Abstract
Background Tumor-specific genomic aberrations are routinely determined by high throughput genomic measurements. It remains unclear though, how complex genome alterations affect molecular networks through changing protein levels, and consequently biochemical states of tumor tissues.
Results Here, we investigated the propagation of genomic effects along the axis of gene expression during prostate cancer progression. For that, we quantified genomic, transcriptomic and proteomic alterations based on 105 prostate samples, consisting of benign prostatic hyperplasia regions and malignant tumors, from 39 prostate cancer patients. Our analysis revealed convergent effects of distinct copy number alterations impacting on common downstream proteins, which are important for establishing the tumor phenotype. We devised a network-based approach that integrates perturbations across different molecular layers, which identified a sub-network consisting of nine genes whose joint activity positively correlated with increasingly aggressive tumor phenotypes and was predictive of recurrence-free survival. Further, our data revealed a wide spectrum of intra-patient network effects, ranging from similar to very distinct alterations on different molecular layers.

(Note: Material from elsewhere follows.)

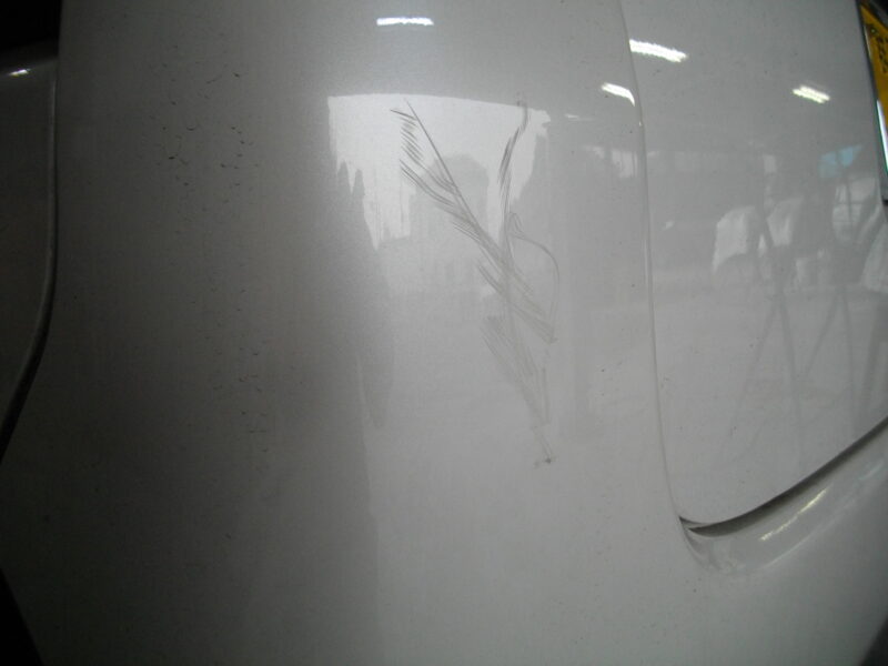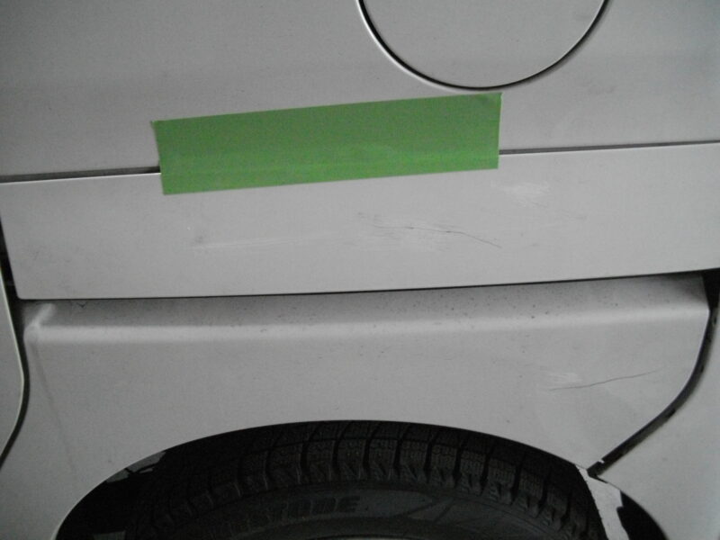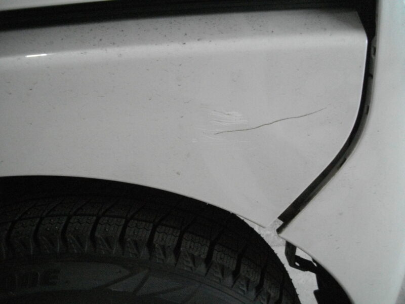 クォータパネルの凹みや歪みを修正し、リヤバンパーの損傷部も整形。
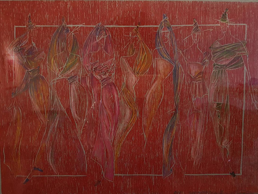 고희자 작가의 우주가 공유된 우주라면 박순천 작가의 우주는 독립된 우주다. 동굴 속에서 홀로 번개를 견디며 두려움을 느꼈을 고대인의 상상력을 옮겨 놓은 것 같다. 작품 속 사람들은 원색 속에서 지나치게 마른 모습을 하고 있다. Fashion Trend는 제목을 비꼬듯 날카로운 칼로 깎아낸 몸을 그렸다. 분명 우리는 이런 비유법을 배운 적 있다. 고등학교 국어 시간에 한 번쯤 들어봤을 '과장'이다. 그것이 내는 효과는 분명하다. 대상에 대한 경외거나 풍자다. 작품은 물론 후자처럼 보인다.

Conclusions This study uncovered molecular networks with remarkably convergent alterations across tumor sites and patients, but it also exposed a diversity of network effects: we could not identify a single sub-network that was perturbed in all high-grade tumor regions.
Competing Interest Statement
R.A. holds shares of Biognosys AG, which operates in the field covered by the article. The research groups of R.A. and T.G. are supported by SCIEX, which provides access to prototype instrumentation, and Pressure Biosciences Inc., which provides access to advanced sample preparation instrumentation.